▶ [Exercise brief]
Leaving out each picture, transcribe the lines of the listing below exactly from the first through the line that contains "Possui 6 portas".

▶ [Source material]
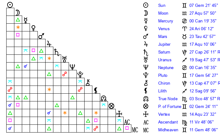 | Jupiter | 16 Aquarius 52 | 27 Gemini 29 | 7 Aquarius 8 |
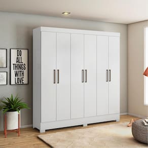 Possui 6 portas e 3 gavetas, todas com corrediças telescópicas e profundidade adequada para roupas e sapatos
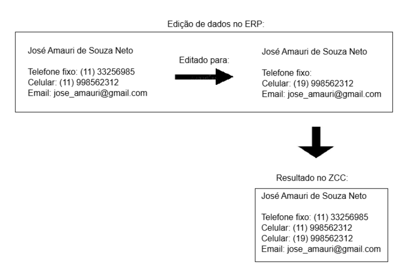 1. You update a contact in the management system with a mobile, landline, or email that already exists in Zenvia Customer Cloud. During synchronization, the contact's old data in Zenvia Customer Cloud is completely replaced with the new information from the management system.
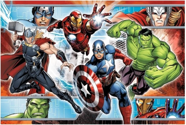 Il puzzle raffigura amate figure degli Avengers come Thor, Iron Man, Capitan America e Hulk.

▶ [Response area]
 | Jupiter | 16 Aquarius 52 | 27 Gemini 29 | 7 Aquarius 8 |
 Possui 6 portas e 3 gavetas, todas com corrediças telescópicas e profundidade adequada para roupas e sapatos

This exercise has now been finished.